Os riscos corridos pelos freelancers em zonas de conflito

26/11/2013 na edição 774

Uma reunião de pauta do programaThe World at One, da Radio 4, da BBC, em agosto de 1995, ficou marcada para sempre na memória do jornalista Sian Williams. Enquanto discutiam que notícias iriam ao ar, chegou a informação de que soldados croatas haviam matado John Shofield, repórter do programa The World Tonight – amigo e colega de trabalho de Williams.

Shofield tinha 29 anos e sua morte impactou a indústria midiática, fazendo com que organizações como a BBC focassem na proteção dos profissionais enviados a zonas de guerra. Foram criados programas de treinamento e profissionais passaram a ser orientados sobre como agir quando atacados ou sequestrados.

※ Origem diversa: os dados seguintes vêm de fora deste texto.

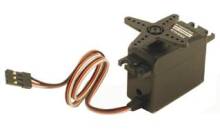 Les Servomoteurs sont souvent utilisés dans les modèles radio-contrôlés (RC), et sont très utiles dans beaucoup de cas d’application de petite robotique parce qu’ils sont très compacts et très peu chers. Un servomoteur RC est composé d’un moteur DC, d’une boite de vitesse, d’un capteur de retour de position (habituellement un potentiomètre) ainsi que des électroniques de commande. Le servomoteur RC peut être contrôlé par un signal externe à large impulsion de modulation (PWM). Si un signal rencontre le servomoteur timingrequirements RC, cela défini habituellement une position cible d'entrée pour l’électronique de commande du servomoteur. Les électroniques du servomoteur comparent la position de l’arbre avec la position en entrée, en essayant de trouver la position de l’arbre qui correspond. Le signal de contrôle de la position est un signal sinusoïdal (d’onde) au carré continu, tel que dans la figure. Les servomoteurs RC (radio-contrôlés) sont des actionneurs très courants en robotique et en construction de modèles. Les servomoteurs RC sont composés d’un petit moteur DC, d’un engrenage de réduction et d’un matériel de contrôle logique. Habituellement le rotor du servomoteur bouge jusqu’à une certaine position en essayant de conserver cette position. La position du rotor dépend du signal de contrôle reçu par le servomoteur. En fonction du type de servomoteur, l’angle de rotation maximum du moteur peut changer. Les Servomoteurs qui tournent de manière constante sont rares. Dans ce cas le signal de contrôle ne détermine pas l’angle de révolution mais la vitesse de rotation. Les Servomoteurs “hack” sont bien plus courants. Cela rend la position qui détermine le servomoteur vers une rotation constante. This makes the position determining servo motor to constantly revolving servo Dans ce cas le potentiomètre de retour de position est remplacé par deux résistances fixes et le résistor mécanique qui empêche toutes les rotations est retiré de la boite de vitesse. Une caractéristique très importante du servomoteur est son ratio poids-puissance.

Quase duas décadas depois, ainda há riscos significativos. Alguns profissionais de mídia alegam que, na realidade, eles são ainda maiores, devido ao crescimento na demanda dos veículos e ao aumento no número de freelancers. Um workshop sobre como trabalhar em ambientes hostis, realizado pela Academia de Jornalismo da BBC, apresentou a freelancers informações sobre como se preparar para uma pauta, noções de primeiros socorros em um campo de guerra e como lidar com trauma.

Jeremy Bowen, correspondente da BBC que cobre zonas de conflito há 25 anos e que foi um dos palestrantes do workshop, alega que a situação atual é mais perigosa do que antes. “Em 1989, estive nas intensas lutas em El Salvador, balançando uma bandeira branca, desprotegido por coletes ou equipes de segurança, que fazem parte da cobertura de guerra de hoje. Mas agora, somos os alvos. Em alguns países, a mídia ocidental é vista como inimiga, é atacada ou levada como refém. A guerra é sempre perigosa e imprevisível, mas os riscos para os que cobrem intensificaram-se”, opinou.

Riscos físicos e psicológicos

O cenário não é restrito às áreas de conflito, mas também aos lugares afetados por desastres naturais. Jornalistas enviados para as Filipinas não apenas testemunharam o sofrimento das vítimas do tufão que atingiu o país em novembro deste ano, como também correm riscos – físicos, de contrair doenças, e psicológicos. Williams cobriu o tsunami na Ásia e o terremoto no Paquistão e até hoje, anos depois, lhe vêm à mente imagens de corpos e trechos de depoimentos. “Como observadores do estresse de outros, geralmente achamos que não temos o direito de sermos emocionalmente afetados, mas há pouca dúvida de que medo, culpa e exposição aos horrores mais viscerais nos impactam”, disse.

Muitas organizações oferecem apoio psicológico. Williams é treinado em assessoria de traumas em um sistema conhecido como TriM (Gestão de Risco de Trauma), que também é usado no exército e em serviços de emergência. Uma equipe conversa com colegas de trabalho que retornam de pautas difíceis para ver se eles estão sofrendo com flashbacks, insônia, abuso de álcool – reações que são normais no início, mas que se não forem cuidadas podem se transformar em estresse pós-traumático.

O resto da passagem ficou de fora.